WHAT TO WORK ON:
Write out the records that appear below, verbatim and complete, but without pictures.

(Items listed in a dataset)
□ □ □ □ □
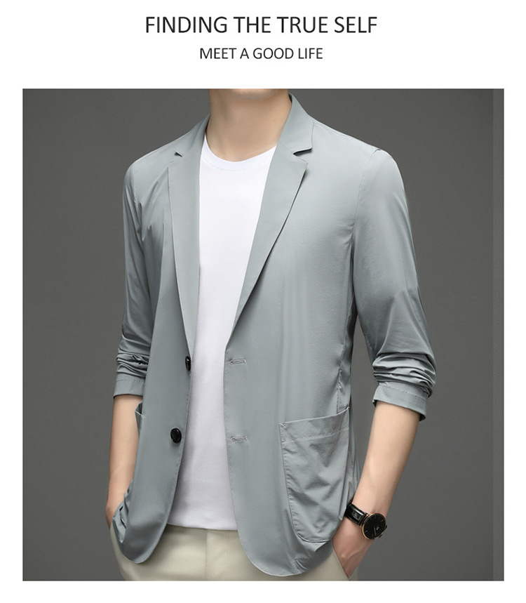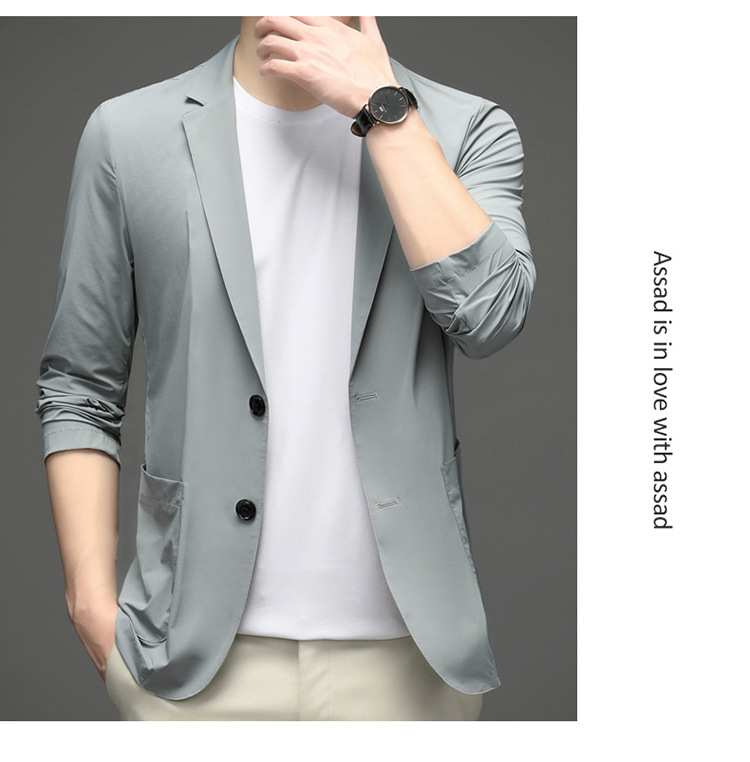 2025新款夏季薄款时尚休闲小西装单西外套防晒衣透气纯色男士西服
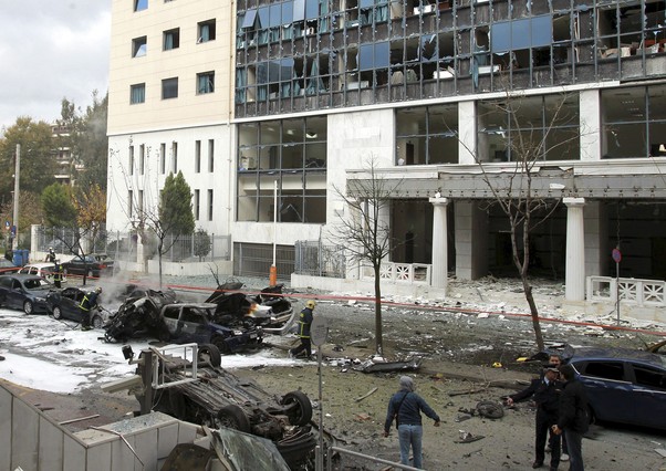 PAN06 ATENAS (GRECIA) 30/12/2010.- Miembros de bomberos y de la policía de investigaciones trabajan tras una explosión de gran intensidad que sacudió la sede de los tribunales de justicia de asuntos administrativos en Atenas (Grecia), hoy, jueves 30 de diciembre de 2010. La policía informó que el atentado, que ocurrió hacia las 08.20 hora local, provocó serios daños materiales pero no dejó víctimas, ya que hubo una llamada telefónica al periódico ateniense “Elefterotipia” con 40 minutos de anticipación, lo que dio tiempo a las autoridades para evacuar el edificio. Según las primeras informaciones del canal estatal NET, se trata de una moto bomba, que estaba aparcada delante del tribunal. EFE/PANTELIS SAITAS
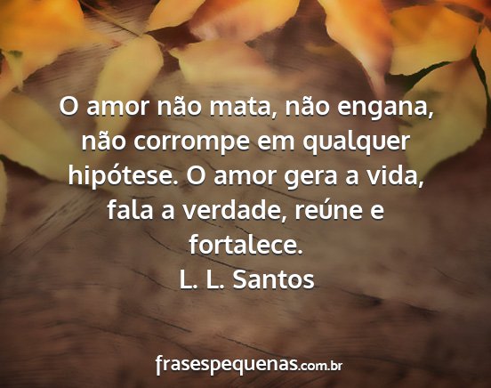 O amor não mata, não engana, não corrompe em qualquer hipótese. O amor gera a vida, fala a verdade, reúne e fortalece.L. L. Santos
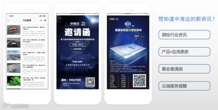 想抢先知道中海达的全新动态?来小程序的主题活动、集团公告栏目,最新资讯、行业展会及论坛精彩内容等,中海达为你一一呈现!
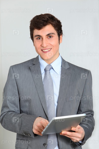 Бизнесмен, стоя с электронной площадки
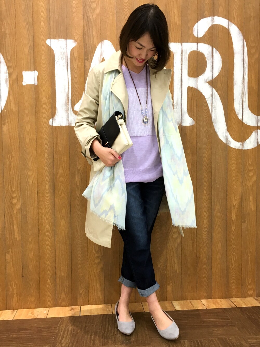 こんにちは。もう春ですね( ´ ▽ ` )ノ今回はシューラルーオススメのテーパードデニムとこの春必需品のトレンチコートに、差し色に春カラーのプルオーバーを合わせてみました‼︎足元はパンプスで少しきれいめコーデにしてみました‼︎(^o^)
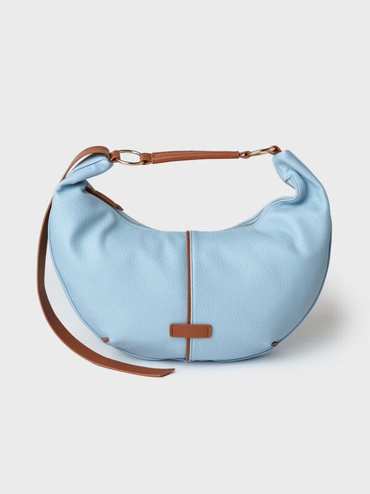 Женская сумка трендовой формы "луна". Сумка выполнена из мягкой искусственной кожи голубого цвета с отделкой  ремнями карамельного цвета. Сумку можно носить на плече. Сумка имеет одно отделение на молнии. Внутри есть три кармана: два открытых и один на молнии. Параметры сумки: высота - 30 см, ширина - 44 см, глубина - 6 см. В подарок идет брендированный пыльник.
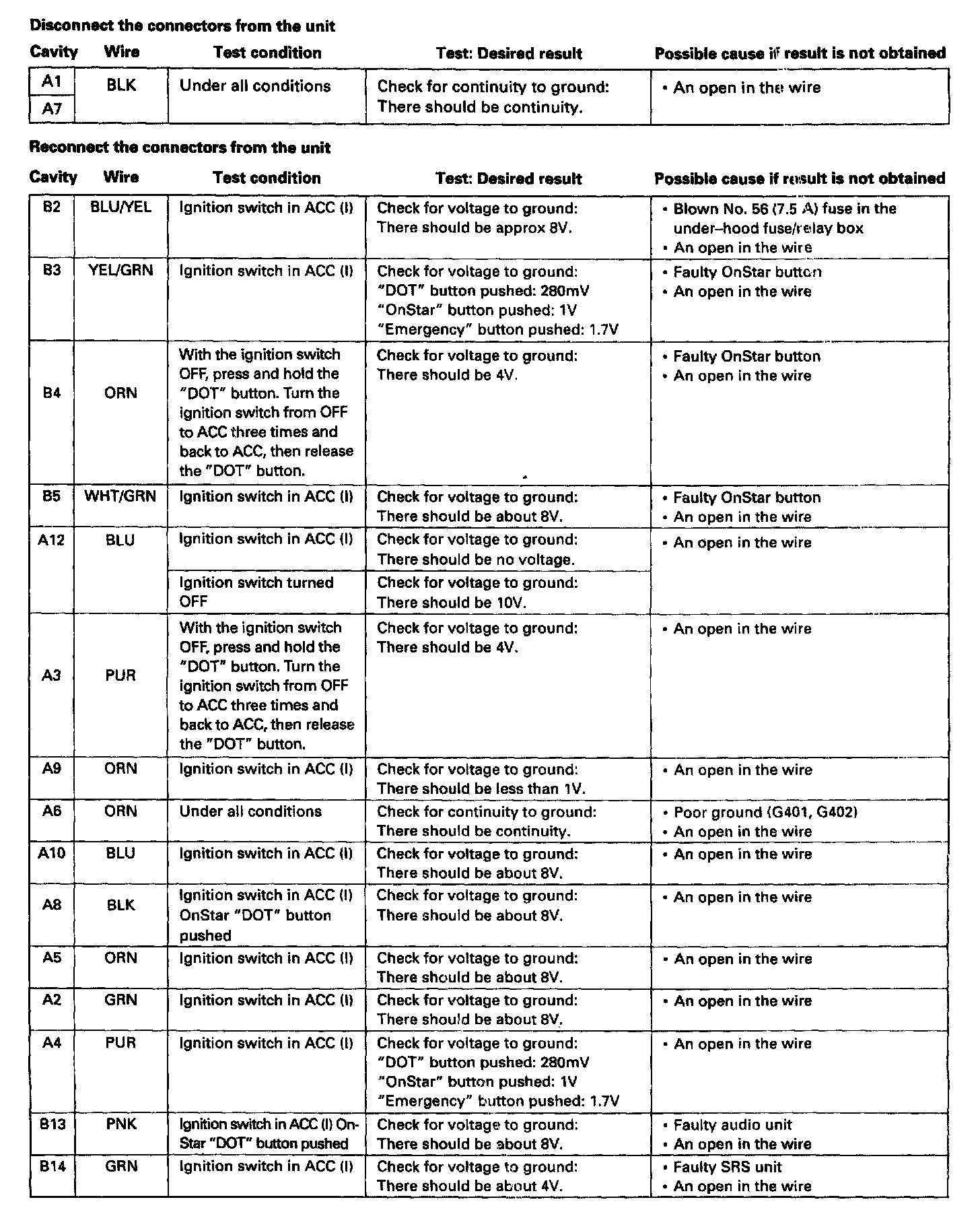 OnStar System Interface Unit Input Test
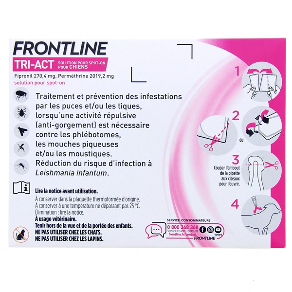 Tri-act Chien L (20-40kg) est fabriqué en France par la marque Frontline. Les experts vétérinaires qui collaborent avec cette enseigne ne cessent d’améliorer la formule de produits antiparasitaires pour chiens afin d’offrir des solutions de plus en plus performantes.
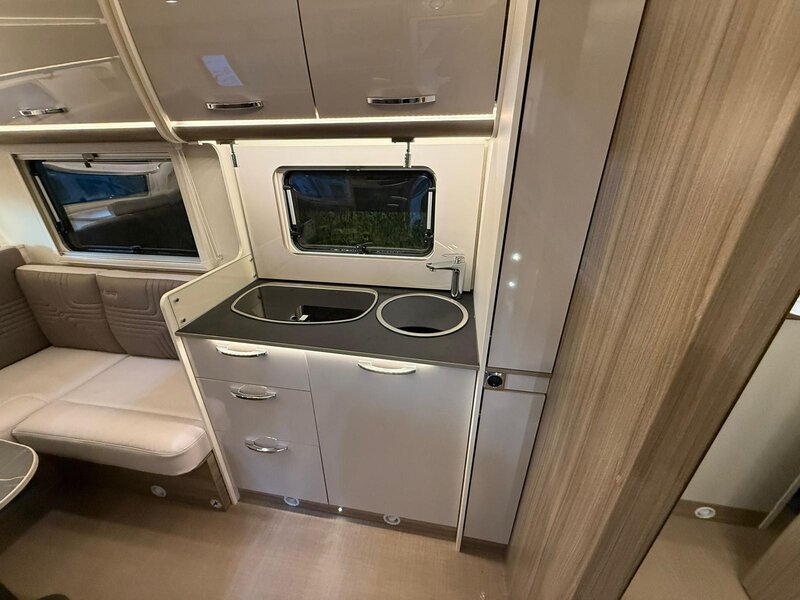 Stijlvolle Afwerking: De warme Sandy Grey kleur en het luxe Harmony Line-pakket geven deze camper de uitstraling van een comfortabel thuis, waar je ook gaat.
□ □ □ □ □
WRITTEN REPLY:
 2025新款夏季薄款时尚休闲小西装单西外套防晒衣透气纯色男士西服
 PAN06 ATENAS (GRECIA) 30/12/2010.- Miembros de bomberos y de la policía de investigaciones trabajan tras una explosión de gran intensidad que sacudió la sede de los tribunales de justicia de asuntos administrativos en Atenas (Grecia), hoy, jueves 30 de diciembre de 2010. La policía informó que el atentado, que ocurrió hacia las 08.20 hora local, provocó serios daños materiales pero no dejó víctimas, ya que hubo una llamada telefónica al periódico ateniense “Elefterotipia” con 40 minutos de anticipación, lo que dio tiempo a las autoridades para evacuar el edificio. Según las primeras informaciones del canal estatal NET, se trata de una moto bomba, que estaba aparcada delante del tribunal. EFE/PANTELIS SAITAS
 O amor não mata, não engana, não corrompe em qualquer hipótese. O amor gera a vida, fala a verdade, reúne e fortalece.L. L. Santos
 想抢先知道中海达的全新动态?来小程序的主题活动、集团公告栏目,最新资讯、行业展会及论坛精彩内容等,中海达为你一一呈现!
 Бизнесмен, стоя с электронной площадки
 こんにちは。もう春ですね( ´ ▽ ` )ノ今回はシューラルーオススメのテーパードデニムとこの春必需品のトレンチコートに、差し色に春カラーのプルオーバーを合わせてみました‼︎足元はパンプスで少しきれいめコーデにしてみました‼︎(^o^)
 Женская сумка трендовой формы "луна". Сумка выполнена из мягкой искусственной кожи голубого цвета с отделкой  ремнями карамельного цвета. Сумку можно носить на плече. Сумка имеет одно отделение на молнии. Внутри есть три кармана: два открытых и один на молнии. Параметры сумки: высота - 30 см, ширина - 44 см, глубина - 6 см. В подарок идет брендированный пыльник.
 OnStar System Interface Unit Input Test
 Tri-act Chien L (20-40kg) est fabriqué en France par la marque Frontline. Les experts vétérinaires qui collaborent avec cette enseigne ne cessent d’améliorer la formule de produits antiparasitaires pour chiens afin d’offrir des solutions de plus en plus performantes.
 Stijlvolle Afwerking: De warme Sandy Grey kleur en het luxe Harmony Line-pakket geven deze camper de uitstraling van een comfortabel thuis, waar je ook gaat.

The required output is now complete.